17. The lithotripsy probe of claim 16, wherein the multi-layer material comprises at least three layers of material and wherein one of the at least three layers comprises a braided matrix material.

18. The lithotripsy probe of claim 16, further comprising a second stiffening assembly, the second stiffening assembly positioned within the lumen of the elongate body, the stiffening assembly extending from the proximal end to the distal end of the elongate body; and

wherein the second stiffening assembly comprises a second variable stiffness having a greater stiffness at the proximal end than the distal end of the elongate body.

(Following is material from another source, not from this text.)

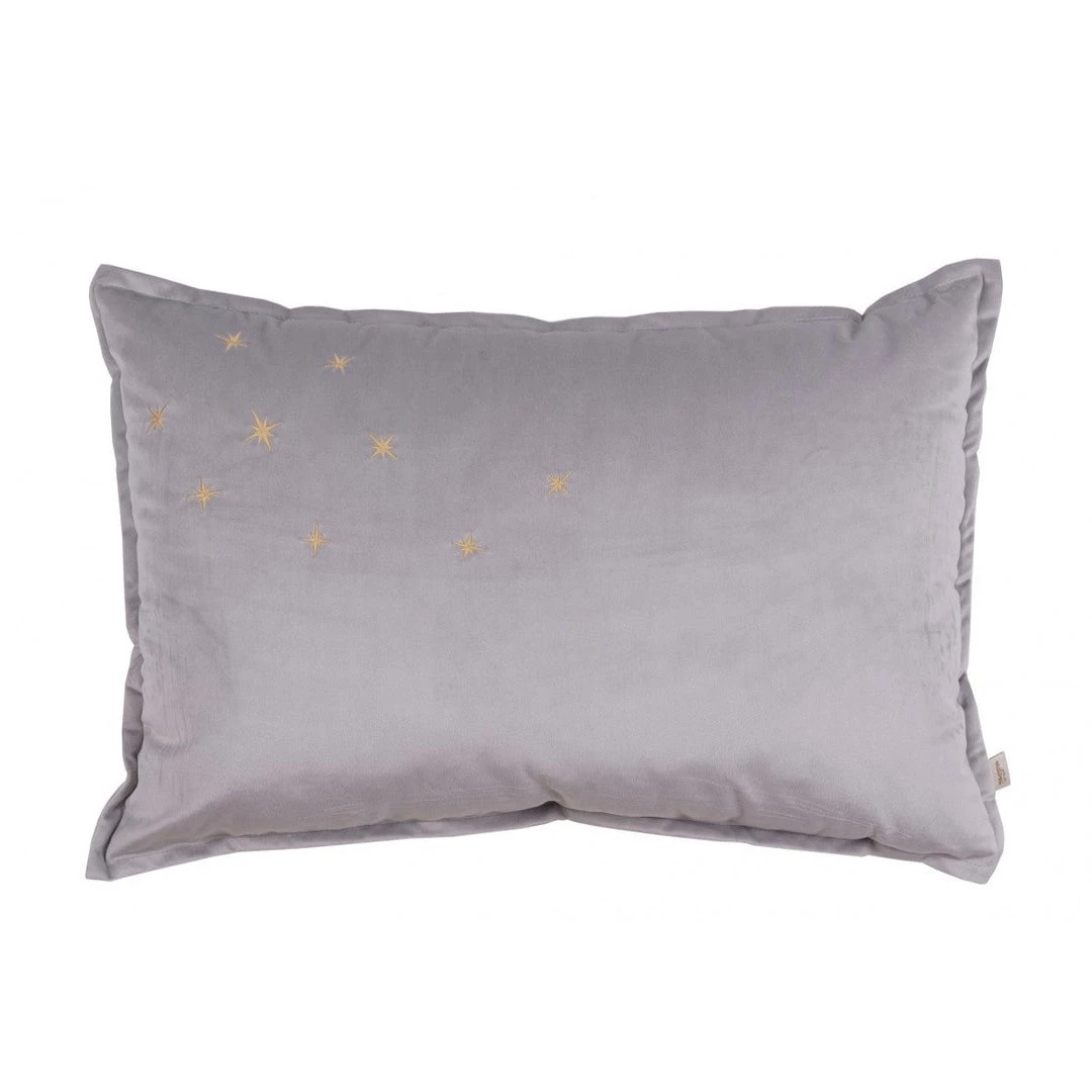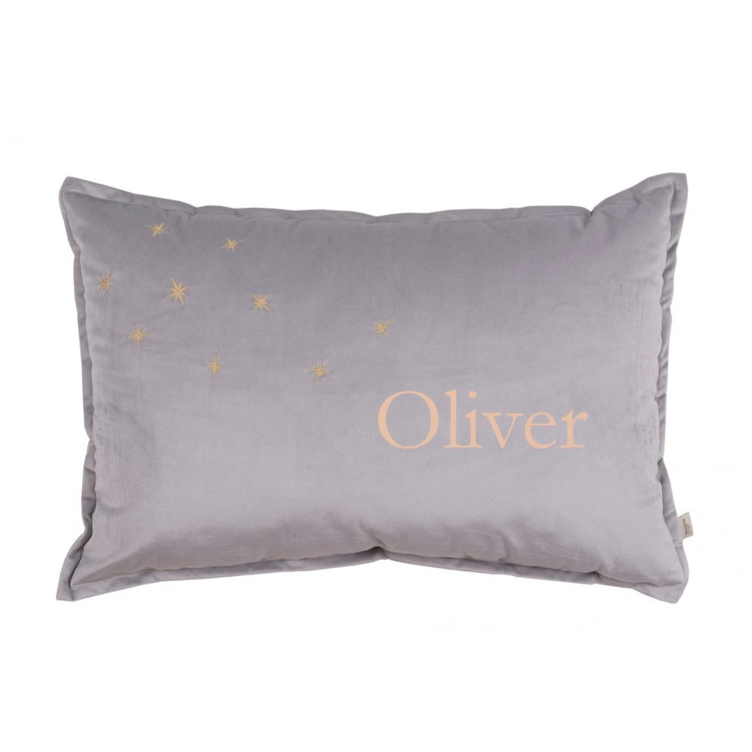 This beautiful decorative pillow in grey is made of a luxuriously soft velvet & decorative with gold embroidered stars and can be personalised with a name.

19. The lithotripsy probe of claim 18, wherein the second stiffening assembly further comprises:

a first section having a first outer diameter;

a second section having a second outer diameter, wherein the second outer diameter is less than the first outer diameter;

a connecting sheath positioned on, and connecting, a first end of the first section and a first end of the second section, wherein an inner diameter of the connecting sheath is substantially equal to the first outer diameter; and

wherein a modulus of elasticity of the stiffening assembly is greater at a first location along the first section than at a second location along the second section.

20. The lithotripsy probe of claim 19, wherein the first section and the second section are formed of respective wires, and further comprising an adhesive positioned in the connecting sheath connecting the respective wires together with the connecting sheath.